There are two ways of looking at this observation: yes, in comparison to the low replication rates of around 50-60 percent reported in the replication projects, laypeople overestimated replicability of findings. But that does not mean that 50-60 percent of all findings in social science are false or unreplicable. So we are actually optimistic that, as a result of the rapid changes that have been adopted in the social sciences, perhaps laypeople’s prediction of around 75 percent successful replications is in fact more realistic right now.
In any case, an important way to mitigate this ‘bleak reality of the current replication rate’ is simply being more cautious. Therefore, some have argued to use alpha < .005 instead of .05 for claiming significance (hence the presence of an effect).
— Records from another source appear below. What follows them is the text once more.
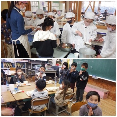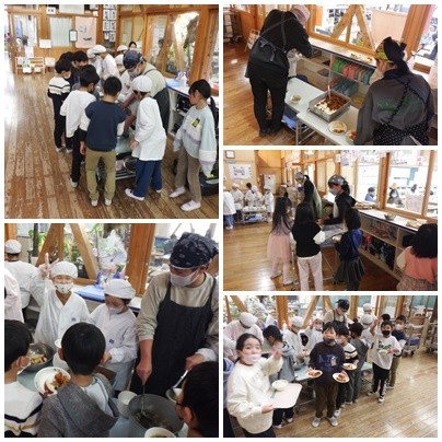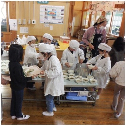おなか空いたね!今日もおいしい給食の時間です。みんなで協力をしてテキパキと準備を進めています!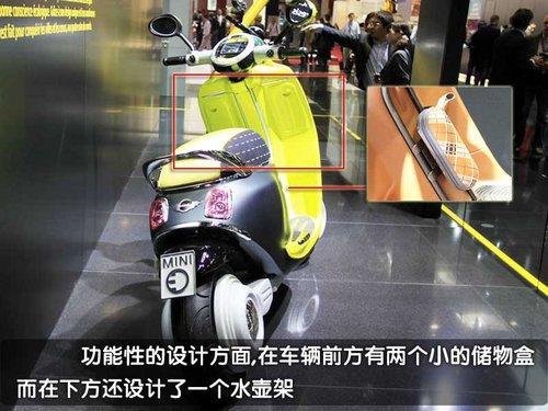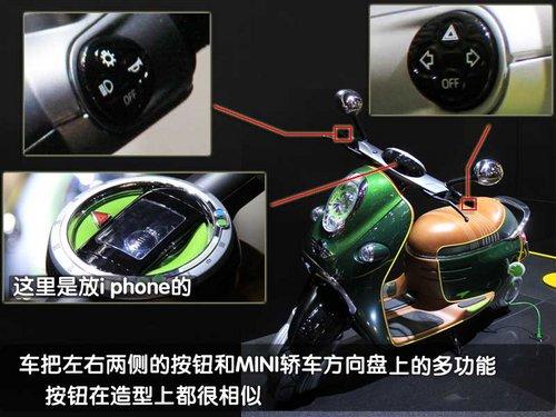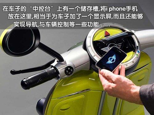 MINI Scooter E概念車將i phone手機(jī)與電動(dòng)車融合,通過(guò)位于車輛頂端的專用接口。車主的i phone手機(jī)可以放置于其中,與車輛的音響和信息與了系統(tǒng)實(shí)現(xiàn)最大化的兼容。此外,還有一項(xiàng)有趣的功能,可以通過(guò)谷歌地圖來(lái)顯示其它騎車者的位置,甚至可以發(fā)出結(jié)伴而行的邀請(qǐng)。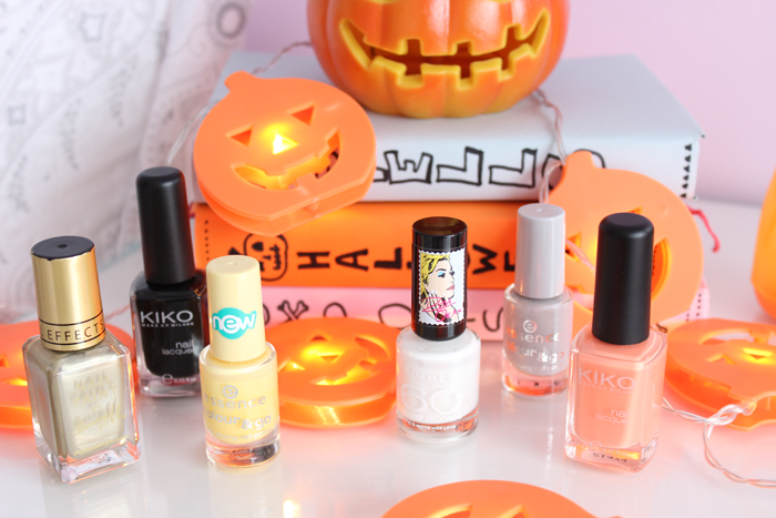 Este año pensé que no iba a haber ningún diseño de uñas especial Halloween, porque la fecha se acercaba y no tenía nada pensado, pero un día se me ocurrió que podía hacer algo con colores más claritos para esta fecha sin recurrir a los colores de siempre o los que son más típicos.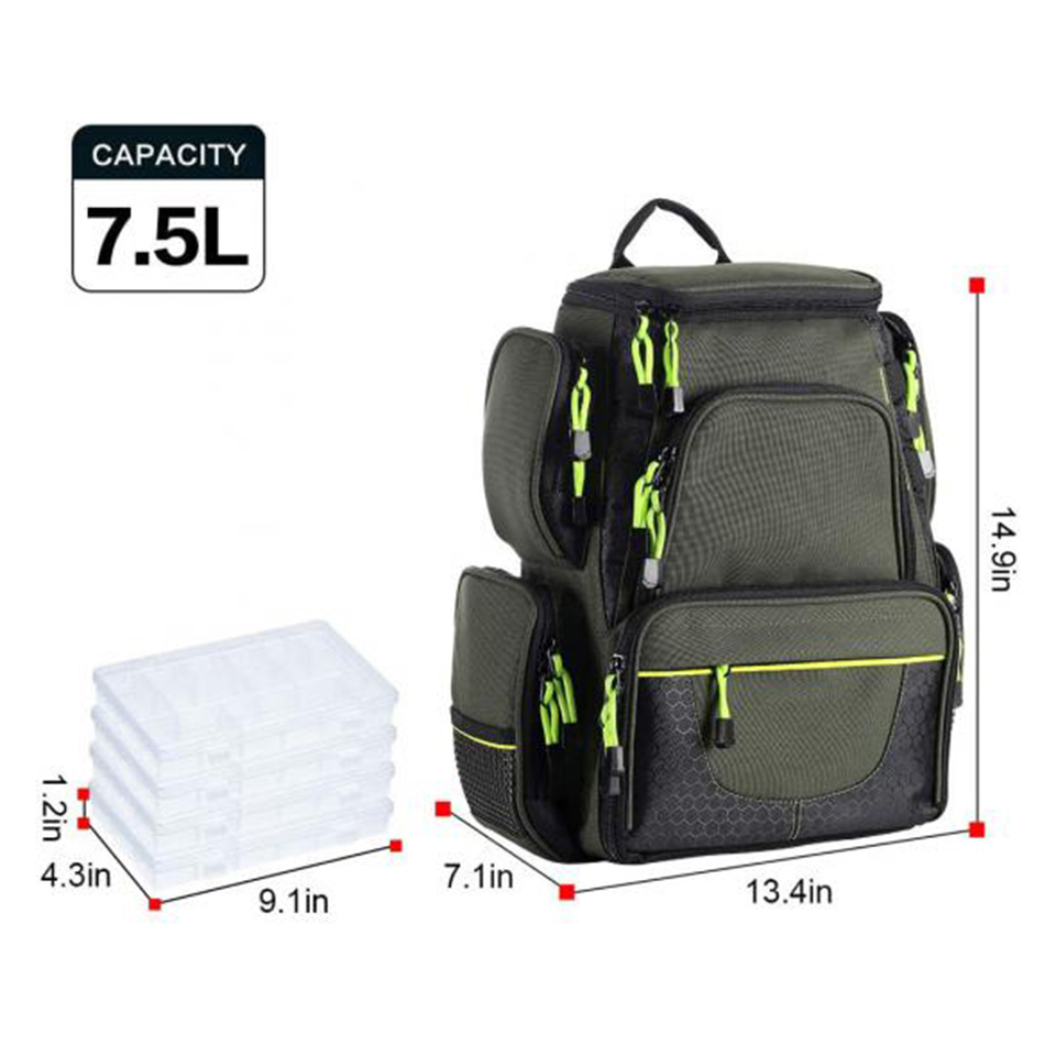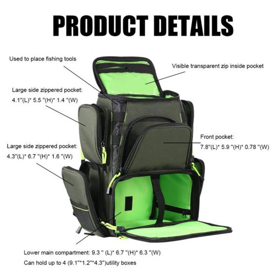 Product name:Fishing Tackle Backpack Color:Crocodile Green Usage:Tool Packaging Size:17 x 11 x 6.5 inches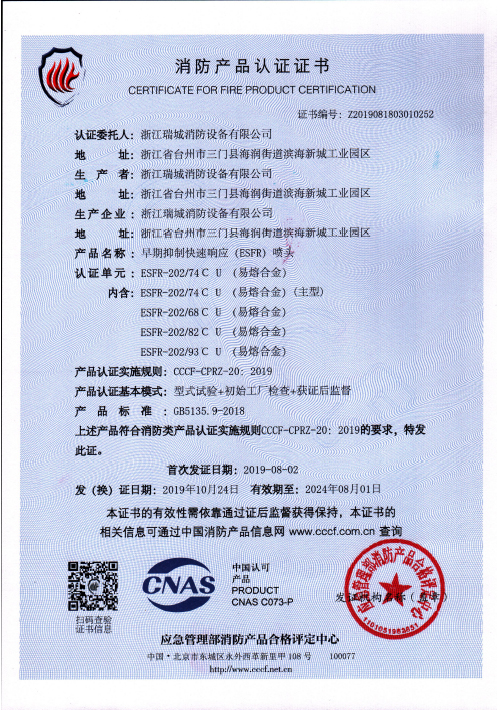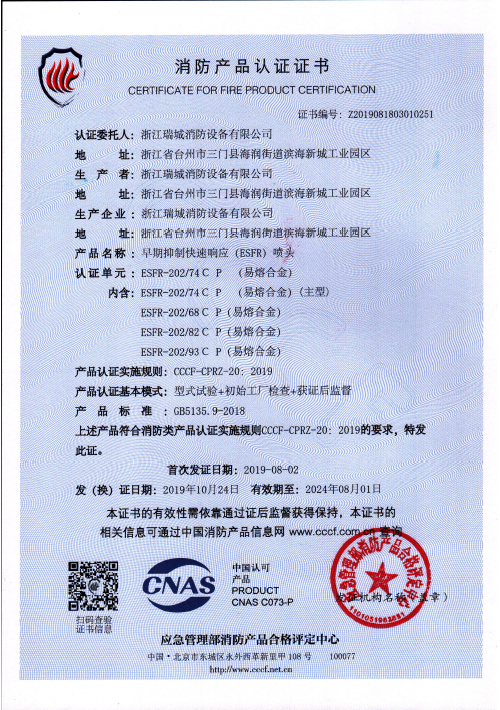 产品标准:GB5135.9《自动喷水灭火系统第9部分:早期抑制快速响应(ESFR)喷头》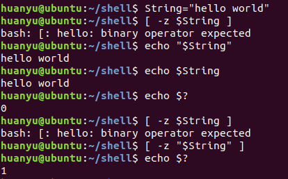 huanyu@ubuntu:~/shell$ [ -z $String ]huanyu@ubuntu:~/shell$ echo $?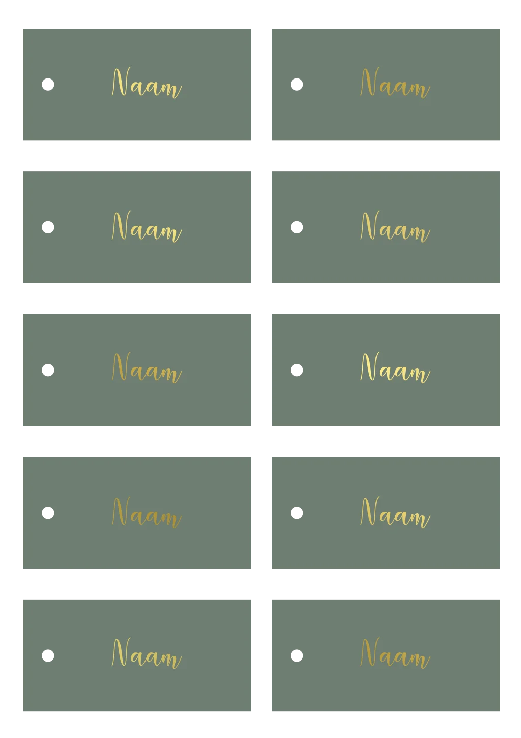 Groene naamkaartjes met goudfolie letters en een klein gaatje. Door het gaatje kun je een mooi lint knopen. Het naamkaartje heeft een formaat van 9x4,5 cm. Er zitten 10 stuks op 1 vel die je tegelijk kunt bewerken in de editor. Het chiffon lint moet je er nog los bij bestellen en dit kun je vinden bij alle accessoires op de pagina Extra's.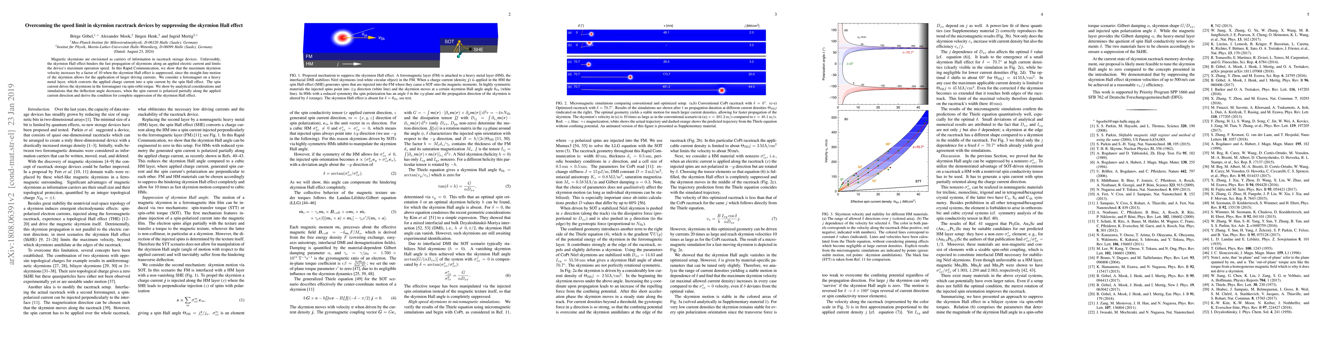 This paper demonstrates a tenfold increase in skyrmion velocity in racetrack storage devices by suppressing the skyrmion Hall effect, allowing for higher driving currents. The suppression is achieved by partially aligning the spin current along the direction of the applied charge current, thereby reducing the deflection angle and enabling faster skyrmion propagation.

In a Bayesian framework, incorporating caution is straightforward: researchers could adjust the prior odds for their hypotheses based on their a priori plausibility. Based on the aphorism that “extraordinary claims require extraordinary evidence,” researchers would need to collect more evidence to shift conviction when prior odds are low.
In a broader sense, increasing the replication rates in social science also means that we just try do better science and to adhere to stricter methodological requirements such as using large samples, preregistering our studies, as well as use strong theories.
Should your results offer any cautionary lessons for an academic publishing culture that rewards novelty? Or might your results nudge us toward more incremental and safe investigation?
We think our study should reinforce the need for a culture change, but we’d like to stress that this change in culture is already happening as we speak; and that we are obviously not the first ones to note these problems. Rather, our study may present a telling illustration of what the field has been discussing over the past decade, and the changes that have been made as a result (e.g., open science badges, registered reports that shift weight from ‘interesting’ results to solid research questions and designs).
Could you talk about any mechanisms that might make use of your findings about ‘useful information’? And how might they impact both replication market efforts and more algorithmic efforts like the U.S. military research agency’s SCORE project?
In a practical sense, laypeople’s intuitions may be used in the selection process for replication studies. Depending on the goal of the replicator, laypeople’s overall belief/skepticism or ambiguity could help to single out studies that are either most/least likely to replicate or are ambiguous. For the ambitious SCORE project, for instance, there was a very large initial sample of studies that may be selected for replication. If the goal is to estimate the overall replication rate in psychological science, randomly selecting studies would be a good strategy, but if you want to have some informed selection system, eliciting laypeople’s predictions may be useful.
For replication markets and surveys that are now becoming more popular as part of replication efforts, our study suggests that laypeople’s predictions could also be used to complement experts’ predictions. The replication markets platform, for instance, also invites non-researchers to participate in prediction markets.
Relatedly, we think our paradigm of eliciting predictions about the plausibility of research claims may prove a useful tool to quickly generate a lot of predictions, in addition to prediction markets and expert ratings.
For Bayesian inference, it may directly be used for individual studies, in which researchers can adjust prior odds in favor of a hypothesis based on laypeople’s predictions.
Most of all, we hope that our findings add to the many great efforts to map out the current status of the field and to convince the scientific community of the need to make some changes in the way we conduct research. Luckily, we think this is indeed increasingly widely acknowledged and many great tools and methods have been offered to take the necessary steps to improve social science research.